Similarly, health workers already collect significant amounts of data on paper records, but equipping them with dashboards and smart registers can help them apply that information.

Dr. Anuraj Shankar, from the Harvard University T.H. Chan School of Public Health shared the example of the Open Smart Register Platform (OpenSRP) for local Anganwadi Workers in India. The workers collect and store health information on paper, but the benefits from shifting that data into a smart register goes beyond simply better information management. Using OpenSRP, the workers can apply information in a more effective way by customizing health services based on previous information or interventions that clients have received.

In Madagascar, the U.S. Agency for International Development-funded Mahefa Project led by John Snow Inc., recognized that the dashboards used to track drug supplies were plagued by user experience and data visibility challenges. The poor design placed a heavy burden on the CHWs who would submit inventory reports via SMS message. The Mahefa Project used HCD principles to work with CHWs to design a more effective dashboard and a less challenging reporting system. This shifted the supply chain management burden off of CHWs and onto the system, improving CHWs performance and reducing stock-outs.
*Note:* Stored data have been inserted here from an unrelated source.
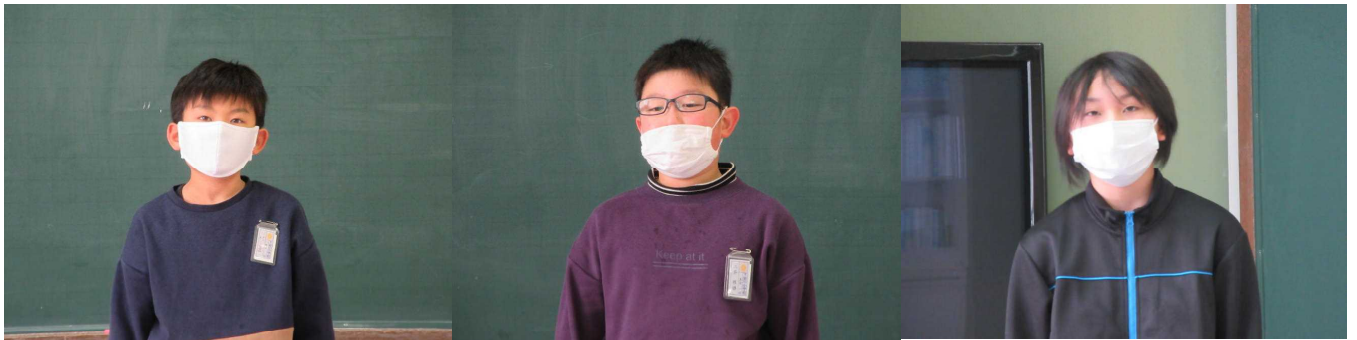
今年目標を力強く発表
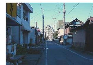
⑦車両のすれ違いのできない道路
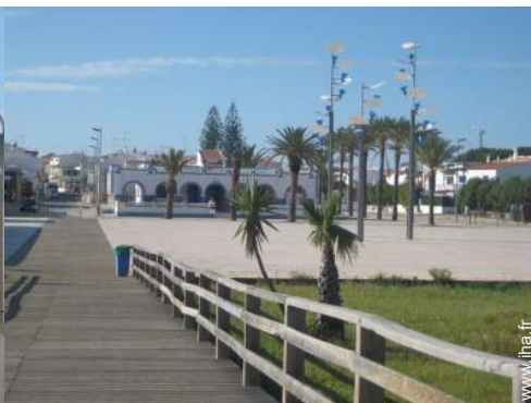
chemin de promenade
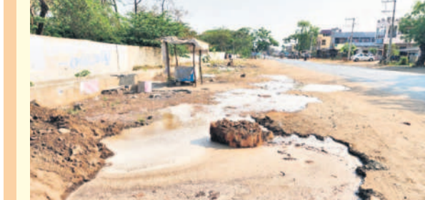
రోడ్డు పక్కన వారుతున్న వివిధ భగద్ర సీరు

వైరా టౌన్, మార్చి 26 : వైరాలోని స్థానిక మధిర రోడ్డులో మిషన్ భగద్ర ఫైల్ లైన్ పగిలి తాగునీరు వృధాగా పోతోంది. స్థానికులు తెలిపిన వివరాల ప్రకారం.. వైరా రిజర్వాయర్ నుంచి వస్తున్న నీటి ఫైల్ లైన్ పగిలిపోవడంతో గత రాత్రి నుంచి తాగునీరు వృధాగా పోతూ మధిర రోడ్డులో చిన్నపాటి చెరువు తలపెస్తున్నది. తక్షణమే అధికారులు స్పందించి పటిష్ట చర్యలు తీసుకోవాలని స్థానికులు కోరుతున్నారు.
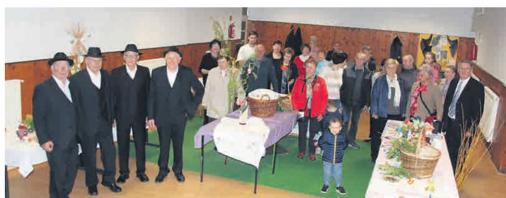
Razstavo so svečano odprli na velikonočno soboto.

Hajdinčanke so izdelke za razstavo ustvarjale dalj časa. „Srečujemo se vsak ponedeljek, običajno se ukvarjamo z ročno-
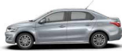
BLEU TELES (M)
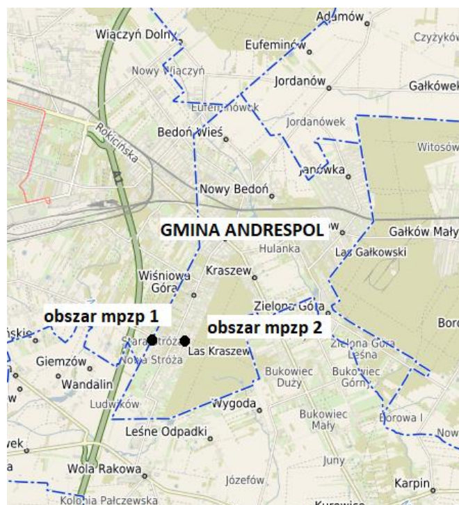
Położenie obszarów mpzp na tle gminy

Gmina Andrespol położona jest w centralnej części województwa łódzkiego, w powiecie łódzkim wschodnim. Przez Centrum gminy przebiega droga wojewódzka nr 713 relacji: Łódź - Kurowice - Tomaszów Mazowiecki - Opoczno. Przez gminę Andrespol przebiegają również linia kolejowa Łódź Fabryczna - Koluszki - Warszawa (znajdująca się w sąsiedztwie opracowania), która na lokalnym odcinku Łódź - Koluszki posiada istotne znaczenie w przewozach pasażerskich oraz druga linia kolejowa - z kierunku Łodzi Kaliskiej i Olechowa, włączona w układ torowy na wysokości stacji Bedoń, posiadająca znaczenie dla przewozów towarowych. Współrzędne geograficzne gminy wynoszą: od 51°67" do 51°70" szerokości geograficznej północnej oraz od 19°35" do 19°38" długości geograficznej wschodniej.
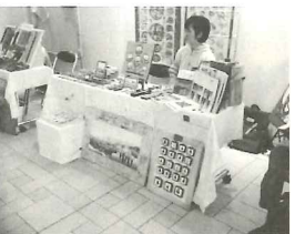
フェアトレードバザー
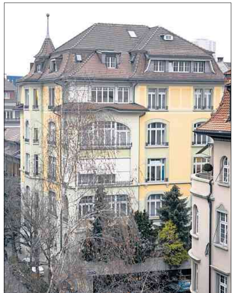
Depuis 1942, le secrétariat de l'usam à la Schwarztorstrasse à Berne constitue le centre névralgique de l'organisation.

*En allemand, le terme d'union ( Gewerbeverband ) ne date cependant que de 1916 lors d'une révision des statuts ; jusque-là, il avait toujours été question de Gewerbeverein .
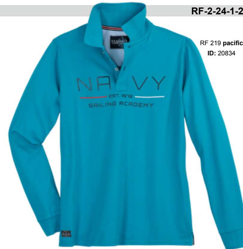
RF 219 pacific ID: 20834
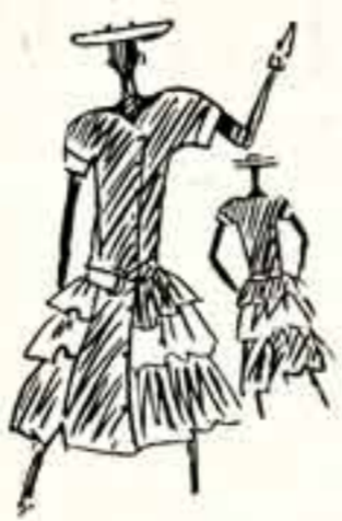
Безусловно, вы стремитесь и красоте — цвет сурового льна очень красиво сочетается с черным. Многие из того, что предлагается моде, может пригодиться и празднику. Но если нет возможности приобрести или сделать праздничный костюм, то ваше платье не новое, но любимое платье можно «оживить» брошью или косынкой. Модные салюты нового сезона. Рис. художника ОДМО С. Качарова.

Не выходит из моды морской стиль. Но в этом году он испытывает заметное влияние исторического костюма. Юбка и юртка из ткани цвета хаки с отделкой яркими вставками, иногда и набойкой тканью. Очень модно сочетание тканей различных рисунков, в том числе и «леопардовых». Модельеры советуют обратить внимание на пуговицы. С позавчерашнего каблук из незасухоустойчивым зобилим. Мы призываем относиться к пуговицам только как и застежкам, а ведь это великолепная декоративная деталь. Но не стоит решительно отказываться от каблук. Немного фантазии, и обыкновенная кнопка может украсить вашу модель. К примеру, кнопку можно поместить на цветной ленточке из отдаленной ткани. К сожалению, зобилим оказался не только пуговицам, но и летние пальто. Из моды сделать из плотной хлопчатобумажной ткани, в том числе из бархата или альфаты. Необычно выглядят накидки и пелерины из плащевых тканей.

Implementing mHealth at National Scale panel at the mHealth Summit 2015. (Photo: MSH Staff)

Digital health tools are shifting health services from standardization toward customization, and mHealth solutions further provide an opportunity to connect with clients, health workers, and organizations “where they are.” However, it remains essential to frame digital interventions, tools, and resources broadly, to avoid over-estimating or over-relying on their impact.